I know any other leader would be 20 points head of the Tories by now, but what do traditional elements of the centre left establishment think of Keir Starmer's performance? As if answering this rarely-asked question, the Fabian Society's Andrew Harrop has been kind to offer
this hottake. Writing following the first Fabian conference in years where the centre and the right are back in charge of the party, it seems an aposite time for them to reflect on the "achievements" thus far and where Keir Starmer looks like he's going.
First, we hear Andrew's praise for the shadow cabinet as it demonstrated a "striking unity of purpose and tone", and this came through in contributions that were "values-driven but with a practical bent". This showed a middle way (
not a third way) between "the rudderless managerialism of new Labour, when at its most centrist, and the utopian excesses of the party’s recent pipedreams." Anyone playing centrist bingo as they read the piece can cross off the unironic deployment of "team of grown-ups", and thankfully we learn they're determined about winning power. Because, in case you didn't know, Labour has to win elections. Apparently, policy and pronouncements are judged by rebuilding relationships with voters (
funny way of showing it), and now Labour understands the coalition of voters it has to assemble. "There was much talk of reconnecting with lost working-class seats, but not at the expense of the party’s values or urban voters", he breathlessly writes. It's going to take more than speeches with Union Jack bunting and the assumption the
left have nowhere to go, I'm afraid. Summing up, Andrew says "with a frontbench team focused on unity, competence, ambition and electability the building blocks for a return to power are there."
To be honest, I'd have been surprised had Andrew written anything other than superlatives. Not only are more than half of the shadcab members Fabians and regular contributors to the magazine and quarterly pamphlets, there are congruences and alignments between the Society and "Starmerism", which is likely to mean the "world's oldest think tank" are the last people about to put the boot in. There are two close affinities they share which, to all intents and purposes,
annexes Starmerism to the Fabian tradition rather than having an identity of its own, apart from media shorthand. For one, both are
entirely patrician. They are the elites, they have the seats in the Commons, and once in government they're the ones who are going to enact change. No one doubts the importance of state power,
least of all the right, but the Fabians actively foreswear anything but the constitutionalist road. Even though (some forms of) extra parliamentary activity is right and proper in the most stuffy political theory, there is no room for this in the Fabian tradition. The Labour Party exists to elect the enlightened reformers who are going to make nice policies, and the labour movement exists to support the Labour Party - an
aristocratic inversion of socialist politics if there ever was one. Set in its context, Keir's
preference for management consultants to advise on party organisation, the internal authoritarianism of banning debates and suspending constituency officers, and his inability to challenge what is and isn't permitted in discussing Coronavirus is all of a piece stamped with Fabian Society branding.
The second issue is inseparable from the first: the absence of hegemony. Because there's no room in Fabianism for struggle other than over the ballot box, Gramsci is a revelation
and an abomination to such politics.
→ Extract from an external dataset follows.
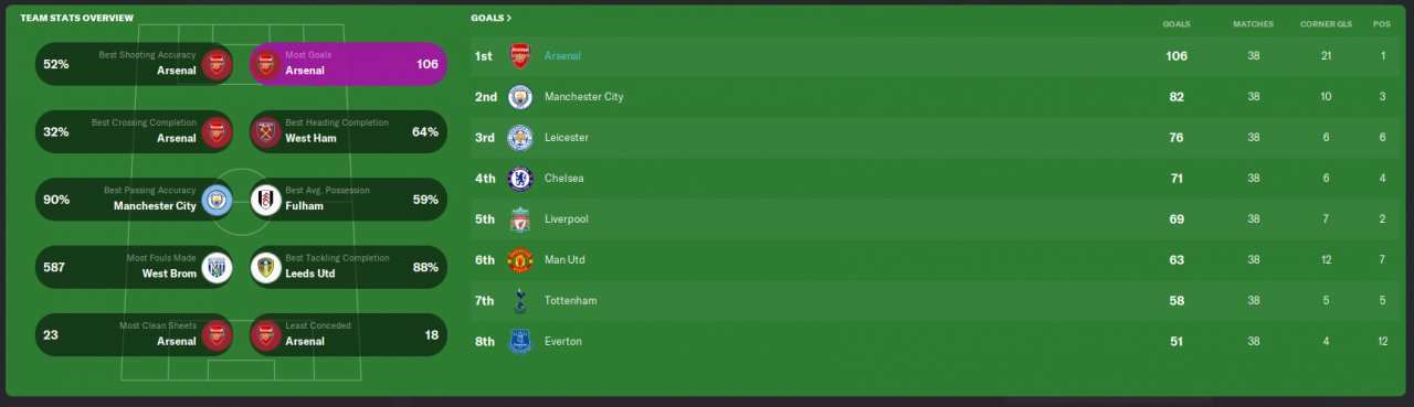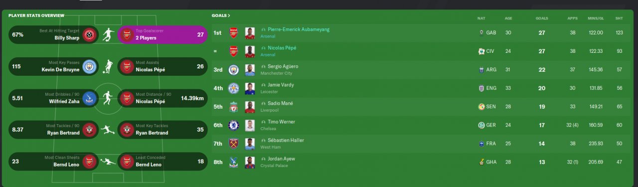The right Winger (Pepe) did really well in the Prem he scored 27 and assisted 26 (to be noted he was on set pieces) while averaging an 8.12.

There might be lip service paid to aligning Labour with the culture of voters, which is what we're hamfistedly seeing with all the Blue Labour crap, but there is no conception of a class politics (beyond their own
doxa of unthought, middle class and managerialist assumptions), let alone trying to build an alliance on the basis of our interests necessitating a full spectrum struggle in the workplaces, in
the communities, and in wider culture. The job is to present policies, look good in the media, and get people to vote for the party. Granted the absolute privilege this has in the Fabian imagination, it's hardly revelatory they lay the blame for Labour's 2019 defeat on the policy menu in the manifesto than the
substantive other factors. Hence Keir's preference for process criticisms at Prime Minister's Questions, the relentless focus on critiquing "incompetence" over arguing the politics, and the shameless tailing of Marcus Rashford on school meals are all symptomatic of a non-Gramscian approach to politics. Indeed it's an interesting paradox of the Fabian tradition that for all its stress on elite decision-making and getting the enlightened few into the cockpit of government how it fights shy of the business of
political leadership.
It is, of course, possible Labour could win an election on this basis. It's also possible the muscular centrism promised by the Biden administration might find an echo in the barely noticeable twitching of the shadow cabinet. But the problem with Fabianism, and by the practice of Starmerism seen these last nine months, is it privileges a very narrow range of activity. Where Keir Starmer is proving pro-active is in internal party struggles, but the end result is a party retreating from what nourishes it culminating in an empty vessel destined for a buffeting by the winds and random squalls of politics. Sticking to Fabianism is, obviously, what Keir finds comfortable, but for all the talk of seriousness and wanting to win power he is, unknowingly, plodding along the road least likely to get the party there.